It should blink red 10 times then go black. I added an escape: the DoEvents command allows you to click in cell A1 which will stop the macro.

----------


## KSChan

Thank you, Jeff for your reply and coding.
You mentioned that by using Conditional Formatting to determine the font color would interfer with the coding. So I got removed the conditioning formatting. Then I followed your instructions - putting your Worksheet_Change event in Sheet 1 and the Sub Blinker into Module 1.
However, nothing happens. Is there something that I missed to trigger the coding to work? My original intention was to have the text to blink when the workbook is open, that was why I put the "StartBlink" in "ThisWorkbook" using "Private Sub Workbook_Open()". I tried to put your Sub Blinker in "ThisWorkbook" but it didn't work. Instead I received a Compile error: Argument not optional. Any suggestions as to what I should do? Have I got to make some changes in your coding to make it work? Thank you.

----------


## KSChan

Sorry Jeff, I didn't notice the Blink text sample1.xlsm file you attached. I tried it and it shows the text blinking. How do I applied the blinking to all the cells in the range (B4 to B10) that have the word "Expiring soon"? I tried to change the Range("B4") to Range("B4:B10"), but I received a Run-time error "13", Type Mismatch. Can you suggest what I should do? Thank you.

----------


## Jeff Ho

I was working off your original setup, which was based on the Sheet_Change event. The Change event fires whenever you make any change on the sheet. If you type a number from 1 to 15 in A4, cell B4 will blink. In fact, if you type anything in any cell on the sheet, and the cell to its right contains "Expiring soon", it will blink. But it's one at a time.
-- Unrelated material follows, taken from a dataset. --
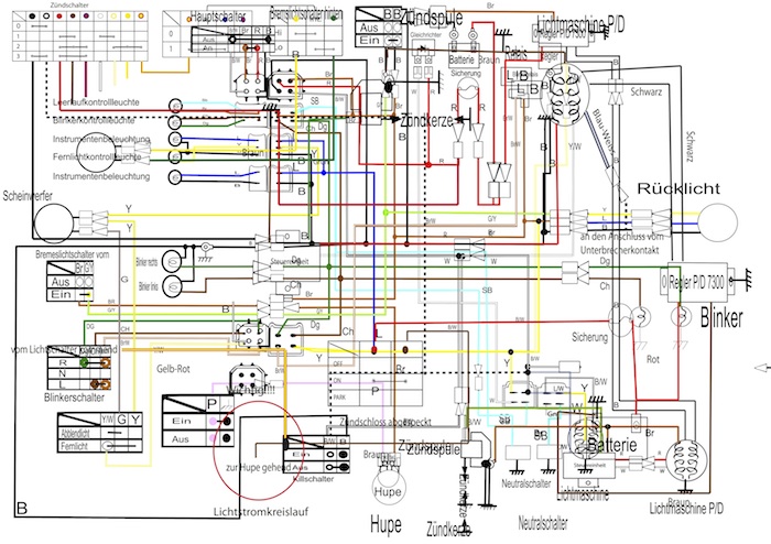 Die Steuerblock kann direkt am Rahmen im Bereich der Sitzbankbefestigungsmutter bleiben. Neuer Regler unterhalb des Rahmens links mit Moosgummi und Kabelbindern. Dann verbleiben ein rotes und ein braunes Kabel vom Regler, das braune an Masse, das Rote an Batterie-Plus. Massepunkte legen für Masse vom Reglergehäuse und für die Zündspule. Vom alten Regler (diesen entfernen) verbleibt nur noch der hellblaue(grüne) Kontakt zum Leerlaufschalter. Altes Kabel vom Regler zum Unterbrecherkontakt stillegen und gut isolieren. Alte Kontaktplatte und Fliehkraftversteller können drin bleiben. Scheinwerfer öffnen. Nun das hellbraune (nicht dunkelbraune!) Kabel welches vom Zündschloss kommt durchschneiden und die beiden Enden mit dem gelb-roten Kabel welches in den Kabelbaum Richtung Hinterrad geht verbinden. Dabei wird das gelb-rote Kabel gekappt und nur das Ende welches aus dem Kabelbaum rausschaut und nach „hinten, also Richtung Hinterrad“ weitergeht verbunden. Das andere Ende des gelb-roten Kabels wird isoliert. Verbindungen verlöten und mit Schrumpfschlauch versehen. Ich weiss es gibt bessere Möglichkeiten.

I'd have to figure out the changes to the Blinker procedure that would make them all blink at once. I don't have the time to do that tonight, though.
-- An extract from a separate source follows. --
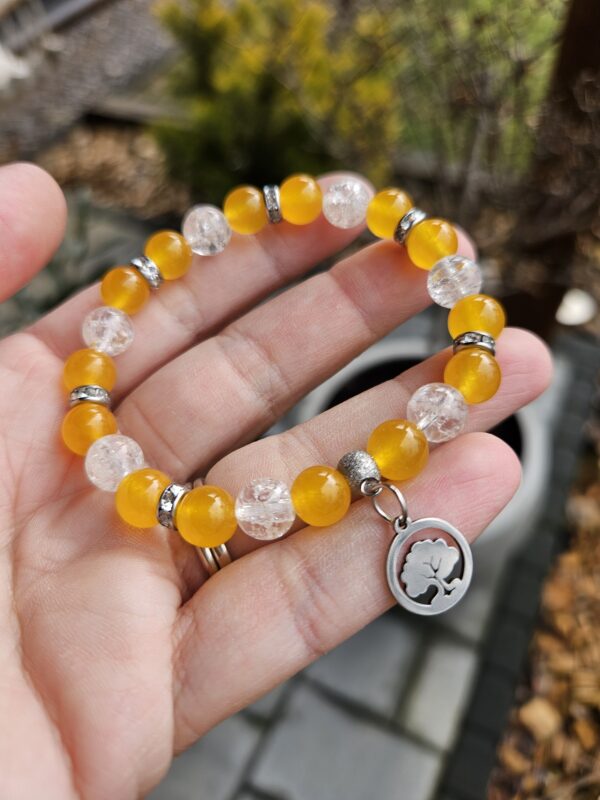 Jadeit žltý + Krištáľ náramok 8mm STROM ŽIVOTA

Do you have a lot of records to apply this to? Is there a reason the conditional formatting isn't sufficient to make the users take note of what's coming due?

- Jeff

----------


## KSChan

Sorry to take up your precious time. Yes, I notice that the same words ("Expiring soon") don't blink at the same time. The number of records is around 20. Actually, using conditional formatting to highlight the words in red would suffice. But I just wanted to draw a bit more attention to the words appearing, and that is why I wanted to have the blinking effect. If you have the time and can figure out how to make them blink at the same time, it will be a bonus for me. I just need them to blink and there is no need to stop the blinking until the workbook is closed. Thank you again for your help. KS Chan.

----------


## teylyn

Why is this posted in the Office 365 forum? The OP uses 2007, as per the profile. Please move to the general forum.

----------


## dominicb

Good afternoon KSChan

This thread has been moved to the Excel General forum as it seems unrelated to Excel 365, and your profile shows you as using Excel 2007.
If this is no longer correct, then please take a moment to change it.

Thanks

DominicB

----------


## Jeff Ho

I think this one does it. Frankly, it would drive me crazy to have my workbook blinking at me constantly.  :EEK!:  

You can edit column A while the macro runs, but if you enter 1 to 15, the corresponding cell will not join the blinking until you stop the macro and restart it.

I had some problems with the Open event because in some cases the workbook opens but doesn't display until the macro ends. (You'll need one of the smart ones here to fix that!) The Close event stops the macro and restores the black font to column B.

I added a button on the sheet to run the Blinker procedure and I changed the "escape" cell to "B1". The number of blinks is still 10 off/10 on, and the duration of each blink is still 1/2 second. You can adjust as needed.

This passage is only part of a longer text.